◆ **Data for analysis**

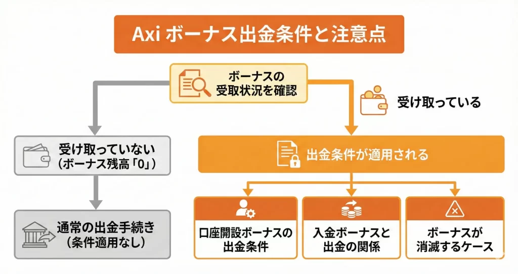 Axiではボーナスを受け取っている場合、出金に関して一定の条件が適用されます。条件を満たさずに出金申請を行うと、ボーナスが消滅したり出金が拒否される可能性があるため、事前にルールを正しく理解しておくことが重要です。
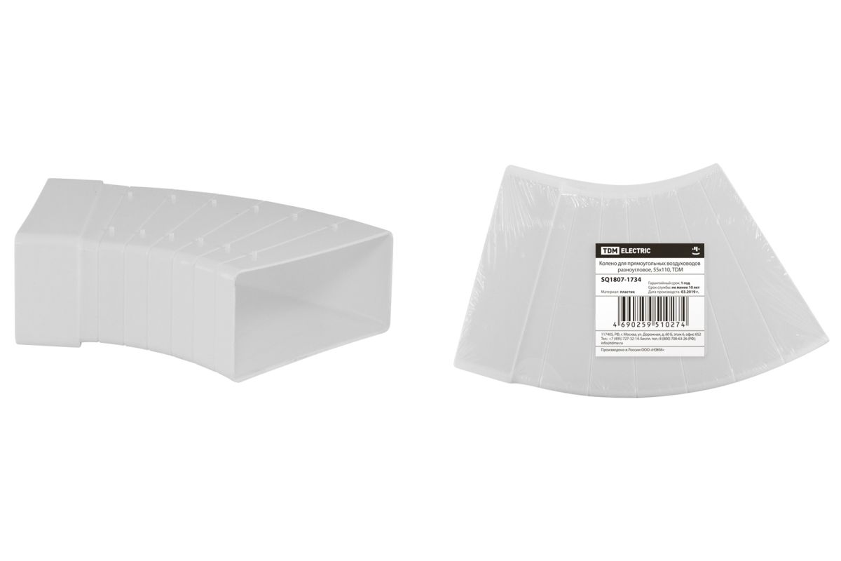 Колено для прямоугольных воздуховодов разноугловое, 55х110, TDM
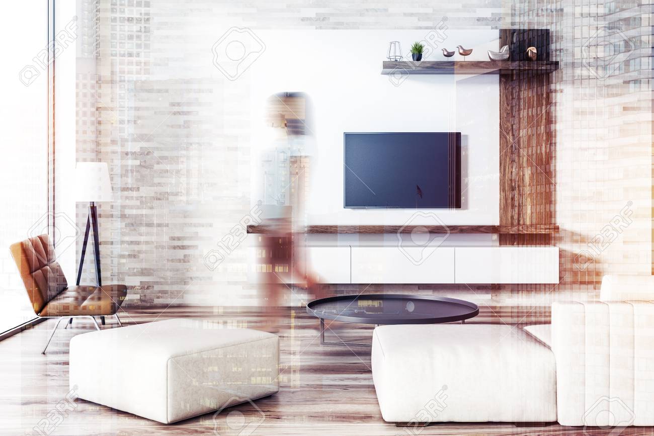 Woman Walking In Loft Living Room With Concrete Floor Sofa And
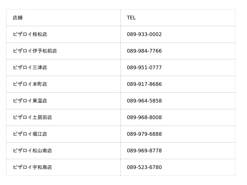 ピザロイ各店へ直接ご連絡ください。
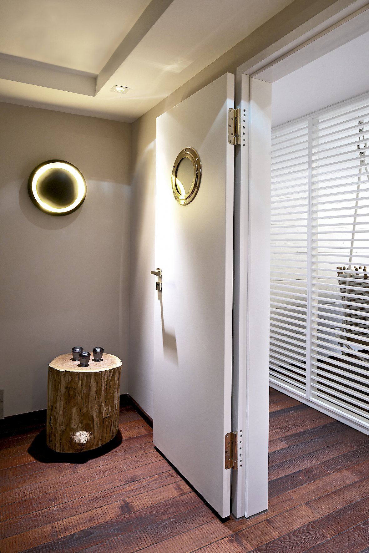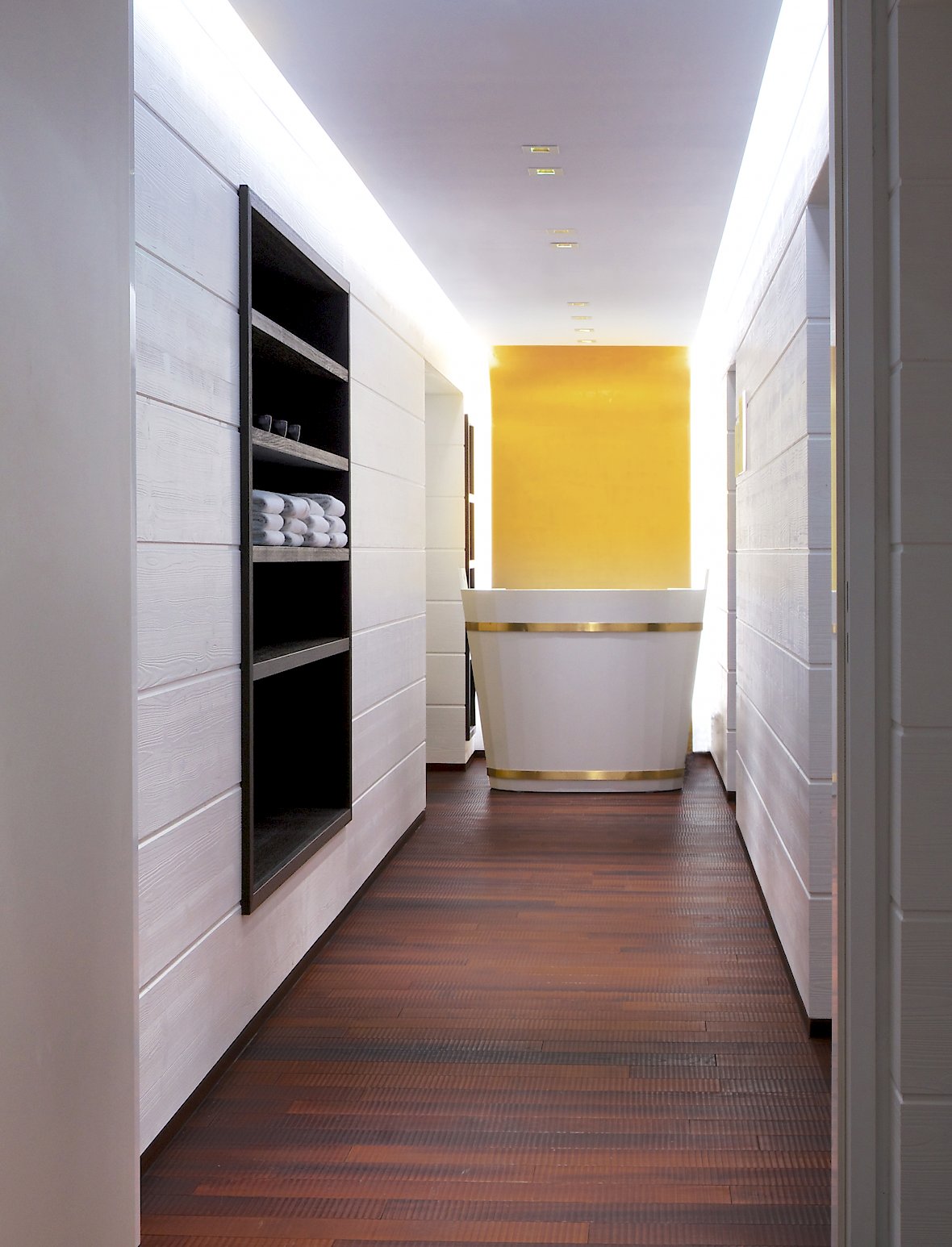 Das 4-Sterne Parkhotel in Meißen erweitert das Serviceangebot um einen SPA Bereich. Die Herausforderung bestand darin, trotz räumlicher Begrenzung ein Konzept zu finden, welches den Besucher in die Welt der Entspannung entführt und die Einzigartigkeit des Ortes - den Ausblick auf die Albrechtsburg - inszeniert. Hierfür wurde der „Verduta“-SPA in drei Bereiche eingeteilt: Der Empfang und Behandlungsräume erinnern mit Ihrem dunklen Schiffsdielenboden und Messingbullaugen an die Ästhetik der Elberaddampfer. Für ein Gefühl an Häuser am Meer mit Frische und Luftigkeit sorgen die weißen, holzverkleideten Wände, welche auch die notwendigen Einbaumöbel und Türen zusammenfassen. Alle Wellness - Behandlungsräume fokussieren außerdem mit Motivtapeten auf die Decke - das Auge verweilt wie bei einem Trompe-l’oeil.

◆ **What is required**
Transcribe exactly the span of lines from the line holding "Woman Walking In" through the last line above, both included. Pictures stay out.

◆ **Result for this task**
 Woman Walking In Loft Living Room With Concrete Floor Sofa And
 ピザロイ各店へ直接ご連絡ください。
 Das 4-Sterne Parkhotel in Meißen erweitert das Serviceangebot um einen SPA Bereich. Die Herausforderung bestand darin, trotz räumlicher Begrenzung ein Konzept zu finden, welches den Besucher in die Welt der Entspannung entführt und die Einzigartigkeit des Ortes - den Ausblick auf die Albrechtsburg - inszeniert. Hierfür wurde der „Verduta“-SPA in drei Bereiche eingeteilt: Der Empfang und Behandlungsräume erinnern mit Ihrem dunklen Schiffsdielenboden und Messingbullaugen an die Ästhetik der Elberaddampfer. Für ein Gefühl an Häuser am Meer mit Frische und Luftigkeit sorgen die weißen, holzverkleideten Wände, welche auch die notwendigen Einbaumöbel und Türen zusammenfassen. Alle Wellness - Behandlungsräume fokussieren außerdem mit Motivtapeten auf die Decke - das Auge verweilt wie bei einem Trompe-l’oeil.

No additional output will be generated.